Only the text of the records belongs in the answer, copied exactly, with every picture omitted.
==== INPUT ====
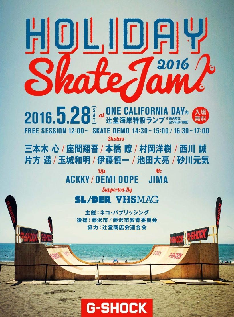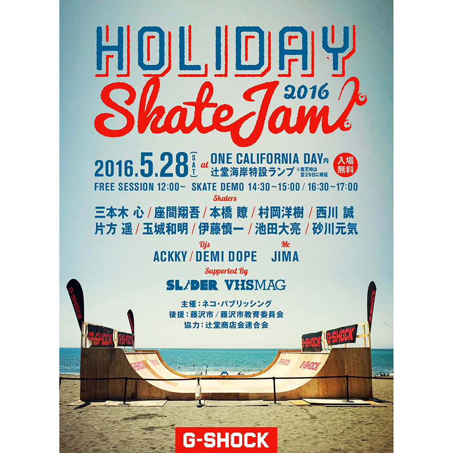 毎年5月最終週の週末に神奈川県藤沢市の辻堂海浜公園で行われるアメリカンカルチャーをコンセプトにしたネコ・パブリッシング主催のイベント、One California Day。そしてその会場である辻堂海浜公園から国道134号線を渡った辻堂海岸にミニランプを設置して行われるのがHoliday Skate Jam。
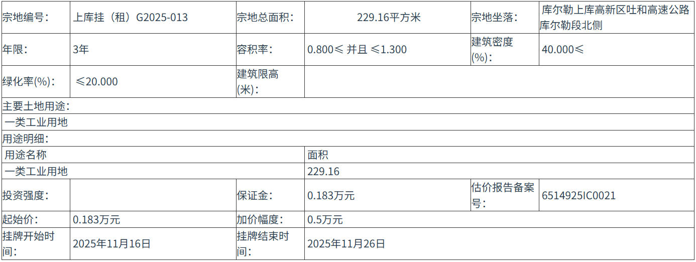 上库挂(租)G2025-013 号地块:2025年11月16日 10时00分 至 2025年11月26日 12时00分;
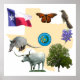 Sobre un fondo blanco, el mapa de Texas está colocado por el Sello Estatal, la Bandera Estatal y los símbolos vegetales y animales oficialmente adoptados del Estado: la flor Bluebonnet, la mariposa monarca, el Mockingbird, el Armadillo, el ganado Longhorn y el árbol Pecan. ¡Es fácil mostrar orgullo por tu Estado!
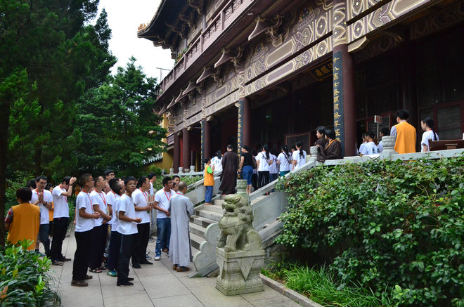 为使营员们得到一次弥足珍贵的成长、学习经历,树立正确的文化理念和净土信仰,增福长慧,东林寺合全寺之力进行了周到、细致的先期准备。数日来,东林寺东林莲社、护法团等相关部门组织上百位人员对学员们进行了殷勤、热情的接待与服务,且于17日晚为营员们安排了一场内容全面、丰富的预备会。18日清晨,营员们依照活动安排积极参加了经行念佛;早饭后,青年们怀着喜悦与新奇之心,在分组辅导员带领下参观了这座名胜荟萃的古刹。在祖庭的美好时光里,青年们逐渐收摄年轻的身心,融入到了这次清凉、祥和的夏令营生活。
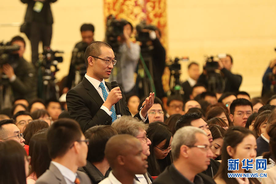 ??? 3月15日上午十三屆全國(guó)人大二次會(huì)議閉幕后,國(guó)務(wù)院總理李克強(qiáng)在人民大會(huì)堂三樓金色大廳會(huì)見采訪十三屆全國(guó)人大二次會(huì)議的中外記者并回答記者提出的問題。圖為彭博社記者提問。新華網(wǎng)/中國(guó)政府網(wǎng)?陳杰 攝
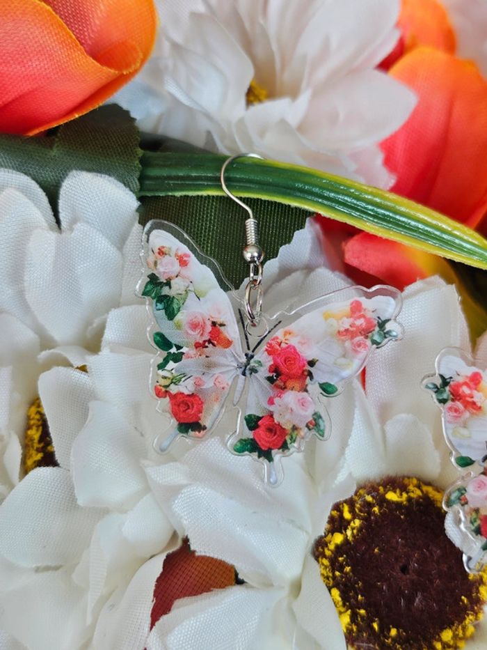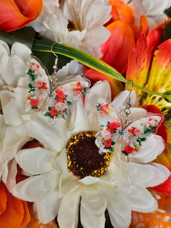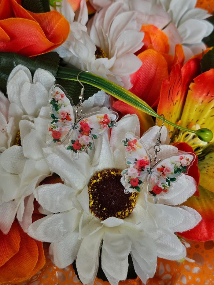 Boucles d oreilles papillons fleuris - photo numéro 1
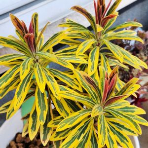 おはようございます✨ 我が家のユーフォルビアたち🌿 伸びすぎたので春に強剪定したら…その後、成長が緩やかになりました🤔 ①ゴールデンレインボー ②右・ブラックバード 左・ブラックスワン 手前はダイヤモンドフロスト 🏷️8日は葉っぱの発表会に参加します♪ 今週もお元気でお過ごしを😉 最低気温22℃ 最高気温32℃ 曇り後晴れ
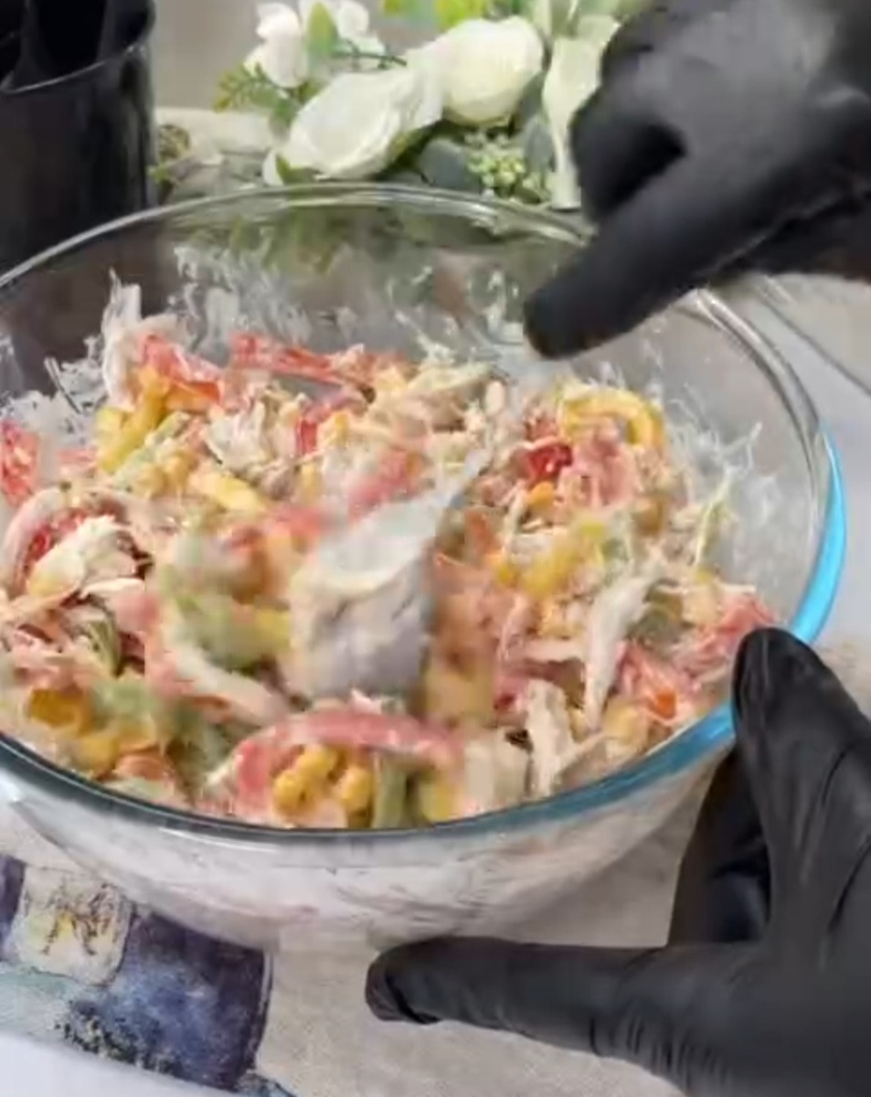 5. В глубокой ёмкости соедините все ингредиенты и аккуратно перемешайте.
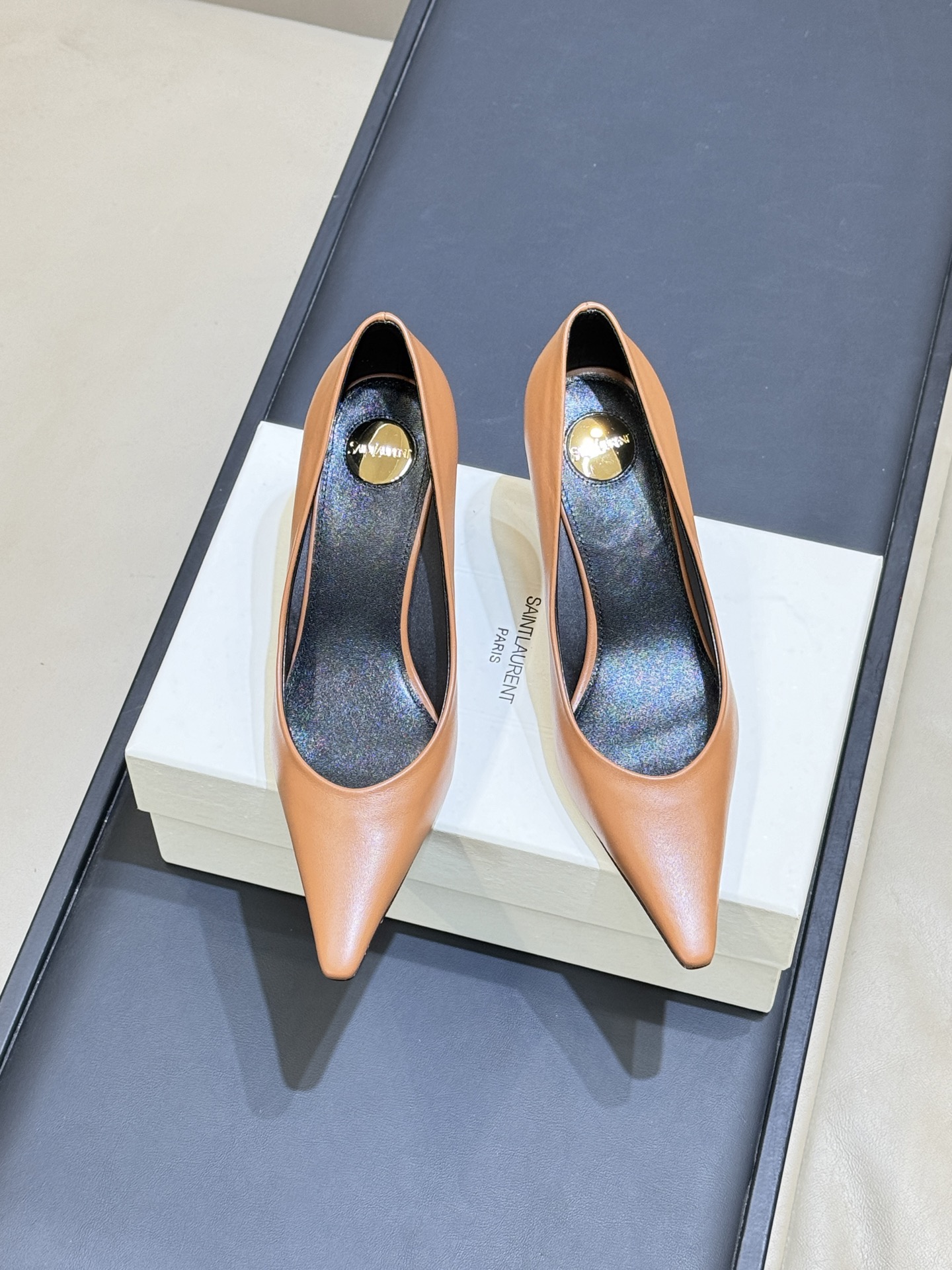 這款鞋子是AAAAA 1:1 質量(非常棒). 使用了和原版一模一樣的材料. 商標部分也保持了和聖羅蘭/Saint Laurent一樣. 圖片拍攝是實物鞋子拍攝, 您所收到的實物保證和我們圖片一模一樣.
====
**WORKED SOLUTION:**
 毎年5月最終週の週末に神奈川県藤沢市の辻堂海浜公園で行われるアメリカンカルチャーをコンセプトにしたネコ・パブリッシング主催のイベント、One California Day。そしてその会場である辻堂海浜公園から国道134号線を渡った辻堂海岸にミニランプを設置して行われるのがHoliday Skate Jam。
 上库挂(租)G2025-013 号地块:2025年11月16日 10时00分 至 2025年11月26日 12时00分;
 Sobre un fondo blanco, el mapa de Texas está colocado por el Sello Estatal, la Bandera Estatal y los símbolos vegetales y animales oficialmente adoptados del Estado: la flor Bluebonnet, la mariposa monarca, el Mockingbird, el Armadillo, el ganado Longhorn y el árbol Pecan. ¡Es fácil mostrar orgullo por tu Estado!
 为使营员们得到一次弥足珍贵的成长、学习经历,树立正确的文化理念和净土信仰,增福长慧,东林寺合全寺之力进行了周到、细致的先期准备。数日来,东林寺东林莲社、护法团等相关部门组织上百位人员对学员们进行了殷勤、热情的接待与服务,且于17日晚为营员们安排了一场内容全面、丰富的预备会。18日清晨,营员们依照活动安排积极参加了经行念佛;早饭后,青年们怀着喜悦与新奇之心,在分组辅导员带领下参观了这座名胜荟萃的古刹。在祖庭的美好时光里,青年们逐渐收摄年轻的身心,融入到了这次清凉、祥和的夏令营生活。
 ??? 3月15日上午十三屆全國(guó)人大二次會(huì)議閉幕后,國(guó)務(wù)院總理李克強(qiáng)在人民大會(huì)堂三樓金色大廳會(huì)見采訪十三屆全國(guó)人大二次會(huì)議的中外記者并回答記者提出的問題。圖為彭博社記者提問。新華網(wǎng)/中國(guó)政府網(wǎng)?陳杰 攝
 Boucles d oreilles papillons fleuris - photo numéro 1
 おはようございます✨ 我が家のユーフォルビアたち🌿 伸びすぎたので春に強剪定したら…その後、成長が緩やかになりました🤔 ①ゴールデンレインボー ②右・ブラックバード 左・ブラックスワン 手前はダイヤモンドフロスト 🏷️8日は葉っぱの発表会に参加します♪ 今週もお元気でお過ごしを😉 最低気温22℃ 最高気温32℃ 曇り後晴れ
 5. В глубокой ёмкости соедините все ингредиенты и аккуратно перемешайте.
 這款鞋子是AAAAA 1:1 質量(非常棒). 使用了和原版一模一樣的材料. 商標部分也保持了和聖羅蘭/Saint Laurent一樣. 圖片拍攝是實物鞋子拍攝, 您所收到的實物保證和我們圖片一模一樣.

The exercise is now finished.